You’re bound to be worried if a loved one with dementia develops a respiratory infection such as pneumonia. Here’s what you need to know about the symptoms and treatments

In a nutshell

Pneumonia is a serious repiratory infection which is common in elderly people. It affects those with a weakened immune system or other underlying health conditions such as Alzheimer’s or dementia. There are two basic types of pneumonia – bacterial and viral.

Viral pneumonia

Viral pneumonia tends to occur more in cold, winter months and can be caused by some of the viruses which are responsible for colds and flu. Viral pneumonia is the most common cause of pneumonia in children and it’s usually mild.

Bacterial pneumonia

This tends to be more common and can be the most serious sort of pneumonia, though it can often be treated with antibiotics. In fact, there is now a vaccine to protect against one of the most common forms of bacterial pneumonia which is streptococcus pneumonia.

Elderly people may be at greater risk of bacterial pneumonia if they are already in hospital or living in a care home. Sadly the bacteria which cause this type of so called ‘hospital acquired’ pneumonia tends to be more resistant to antibiotic treatment.

Good to know

One of the main reasons elderly people develop pneumonia while they’re in hospital or a care home is because they’re spending too much time lying in bed. The simplest way to reduce the risk is to get them up and moving around as much as possible. Even sitting upright in a chair, (so their lungs can expand more easily, and it’s easier to cough and clear the lungs) could be a good help.

Aspiration pneumonia

Aspiration pneumonia (also called bronchopneumonia) is caused when food or liquid is breathed in and goes down the windpipe rather than the food pipe. Although generally rare, aspiration pneumonia is unfortunately more common in people with dementia or Alzheimer’s disease. This is because a condition called dysphagia causes difficulties with swallowing, which can make it more likely for them to breathe food and drink in.

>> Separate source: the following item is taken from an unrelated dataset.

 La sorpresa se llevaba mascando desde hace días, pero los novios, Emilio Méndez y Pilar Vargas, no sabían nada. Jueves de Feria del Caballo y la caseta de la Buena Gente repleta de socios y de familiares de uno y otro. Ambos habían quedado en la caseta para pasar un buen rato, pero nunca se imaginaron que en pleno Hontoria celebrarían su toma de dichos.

Aspiration pneumonia is sadly one of the most common causes of death amongst people with Alzheimer’s disease.

Did you know? Experts still aren’t sure whether aspiration pneumonia is a form of bacterial pneumonia or if it’s caused by some sort of chemical irritation to the lungs.

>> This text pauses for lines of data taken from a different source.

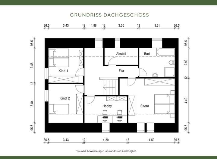 Über eine geschlossene Holztreppe gelangt man ins Obergeschoss des Hauses. Hier befinden sich drei weitere Zimmer, ein kleiner Hobbyraum, ein Abstellraum sowie ein großzügiges Badezimmer, das sowohl mit einer Dusche als auch mit einer Badewanne ausgestattet ist. Das Obergeschoss wurde in den 1980er-Jahren in Eigenleistung ausgebaut und ist derzeit nicht offiziell als Wohnfläche eingetragen. Es erfüllt jedoch alle baulichen Voraussetzungen für eine vollständige Anrechnung als Wohnfläche und kann durch einen Architekten entsprechend nachträglich deklariert werden.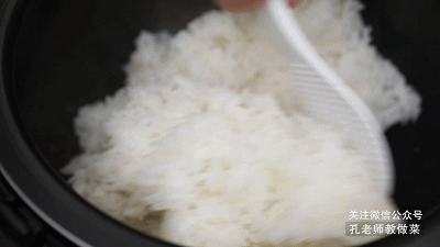 2.電飯鍋選“精煮檔”煮米,待功能結束后揭開蓋子,聞到米飯香氣撲鼻,用飯勺將米飯打散,再燜5分鐘。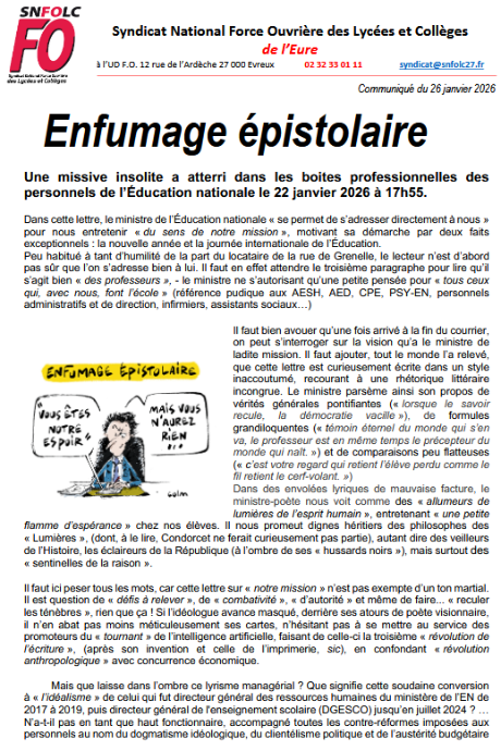 Une missive insolite a atterri dans les boites professionnelles des personnels de l’Éducation nationale le 22 janvier 2026 à 17h55...

Five main symptoms of pneumonia

Here’s what to look out for:
• A cough which has thick yellow, green, or brownish phlegm – sometimes blood stained.
• Difficulty breathing
• Fever
• Rapid heartbeat
• Sweating, shivering and feeling generally unwell

If you’re worried, it’s important to see your GP. Pneumonia can be difficult to diagnose but a doctor can check for any crackling or rattling sounds in the chest (by using a stethoscope). He can also arrange x-rays, blood tests and sputum tests which could identify which bacteria or virus is causing the infection. If it’s caught early, and with the correct treatment, a typical bout of pneumonia lasts around 7-10 days, although people can feel weak and tired for longer.

What happens next?

If the symptoms are manageable you might be able to treat your loved one at home with antibiotics (if it’s bacterial) and plenty of rest.

But if symptoms are more severe, for example if they’re having difficulty breathing or are very dehydrated, it may be necessary for them to be treated in hospital. For example, they may be given fluids through a drip, or respiratory treatment (such as oxygen). If they have aspiration pneumonia they might be given corticosteroids.

Not getting better?

Unfortunately older people can sometimes develop complications as a result of pneumonia, particularly if their pneumonia has been serious enough to receive hospital treatment.

The most common complication is pleurisy. This happens when the lining between the lungs and ribcage become inflamed, or when fluid builds up between the lungs and the wall of the chest. Infected fluid needs to be drained away (with the use of a needle or tube).

Three ways to prevent pneumonia

While pneumonia can be treatable and there’s no need to panic if a loved one is diagnosed, it is better for everyone if you can avoid it happening in the first place. Here’s how to reduce their risk:

1. Good hygiene
Make sure you all wash your hands regularly and throw away used tissues straight away.

2. Limit alcohol
If your loved one still enjoys a glass of wine or a pint, that’s fine, but make sure you keep a careful eye on it. Alcohol misuse not only increases their risk of getting pneumonia, it also increases the risk of it being more serious. Alcohol can also cause swallowing difficulties, making aspiration pneumonia more likely.

3. Quit or cut down on smoking
Since smoking damages the lungs it also makes pneumonia far more likely to occur. Smoking decreases your body’s natural ability to fight pneumonia.

Good to know

• While eating a healthy diet can’t cure pneumonia, certain foods can definitely be helpful during treatment and recovery. For example, berries, citrus fruits, dark leafy greens and tomatoes are rich in antioxidants which can help the body recover from infections.
• A US study of more than 1000 women showed that those who ate diets rich in fruit and veg were less likely to develop upper respiratory infections such as pneumonia.